Turning Thermal Monitoring Into an 11% Insurance Premium Reduction
The Challenge
For colocation providers, the competitive landscape is unforgiving. Margins are constrained by the cost of power, real estate, and the capital requirements of continuous infrastructure investment. Insurance premiums represent a significant and often underexamined line item in the operating cost structure.
This colocation provider operated a portfolio of facilities, serving a mix of tenants. The facilities team had been using handheld thermal cameras for periodic electrical inspections for several years—a practice driven by NFPA 70B compliance requirements.
As AI workloads began migrating into the portfolio, the engineering team recognized that their existing inspection program—quarterly handheld surveys of primary electrical infrastructure—was no longer sufficient for the risk profile of the assets they were protecting. Rack densities were climbing. The electrical infrastructure was running harder.
The operator needed a solution that would satisfy an underwriter's requirements and do so in a way that was cost-effective relative to the premium saving it would generate.
Flir’s A700 series offers 640 × 480 resolution versus a 320 × 240 industry standard, with ±2°C accuracy versus ±5°C for competitors.
The Solution
Flir worked with the operator's facilities and risk management teams to design a continuous monitoring program centered on the A700-series fixed cameras, positioned across the electrical infrastructure in each of the operator's primary facilities.
The system was configured to provide continuous temperature monitoring with automated alerting, with thresholds set in consultation with the facilities team based on the operating parameters of the specific equipment in each location. Alerts were routed to the facilities management platform and to the on-call engineering team, ensuring that any anomaly was visible to the right people at the right time, regardless of when it occurred.

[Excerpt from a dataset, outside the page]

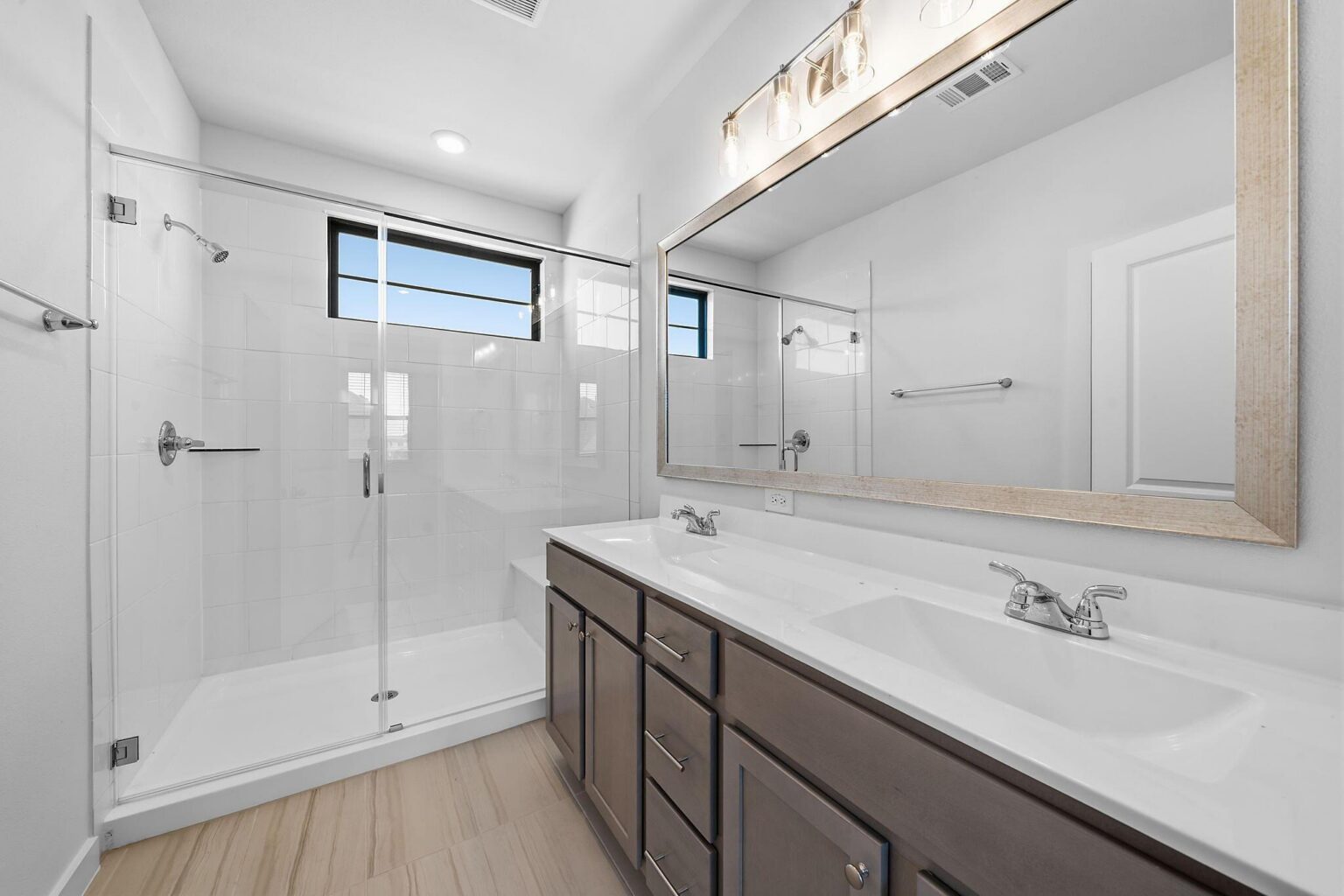 The Jasper Duet floorplan offers 1,815 sq. ft. of thoughtfully designed two-story living with a blend of open spaces and private retreats. The main floor features an open kitchen, living, and casual dining area that flows seamlessly to a covered patio, creating an ideal setup for everyday living and entertaining. A first-floor secondary bedroom with a nearby full bath adds flexibility for guests or a home office, while the two-car garage includes a convenient drop zone. Upstairs, the primary suite serves as a private escape with a spacious walk-in closet and a well-appointed bath. A central loft provides additional living space, complemented by a second bedroom, full bath, and an upstairs laundry for added convenience. With smart storage, modern finishes, and an efficient layout, this plan delivers comfort, functionality, and low-maintenance style.

Flir also provided the operator with a formal deployment report documenting the monitoring coverage, alert configuration, and system parameters—a document specifically designed to satisfy the evidentiary requirements of insurance underwriters assessing continuous monitoring programs. This documentation, presented to the underwriter at the operator's next renewal, formed the basis of the commercial conversation that followed.
The Results
At renewal, the operator's underwriter recognized the continuous thermal monitoring program as a material risk reduction—specifically, the shift from a quarterly inspection model to 24/7 automated monitoring of the highest-risk electrical assets. The result was an 11% reduction in the annual premium on the operator's primary property and equipment coverage policy.
For a colocation facility with coverage at this level, that percentage reduction translates to a saving that, annualized, represents a significant proportion of the total cost of the Flir deployment. The payback period on the monitoring investment, calculated against the premium saving alone and excluding the operational benefits of earlier fault detection, was well under two years.
The operational benefits were a further dividend. In the twelve months following deployment, the system generated three alerts on electrical assets that were subsequently inspected and found to have developing faults. Two of those faults were at a stage where they would not have been detected in a standard quarterly visual inspection. One fault was assessed by the engineering team as having the potential to cause a partial load loss event if it had progressed to failure—an event that, given the SLA commitments in place with the affected tenant, would have resulted in significant financial and reputational consequences.
The operator is now extending the monitoring program to its remaining facilities and has incorporated continuous thermal monitoring as a standard specification in its facility design standards for new builds—a decision driven equally by the insurance economics and by the operational risk reduction that the program has demonstrated in practice.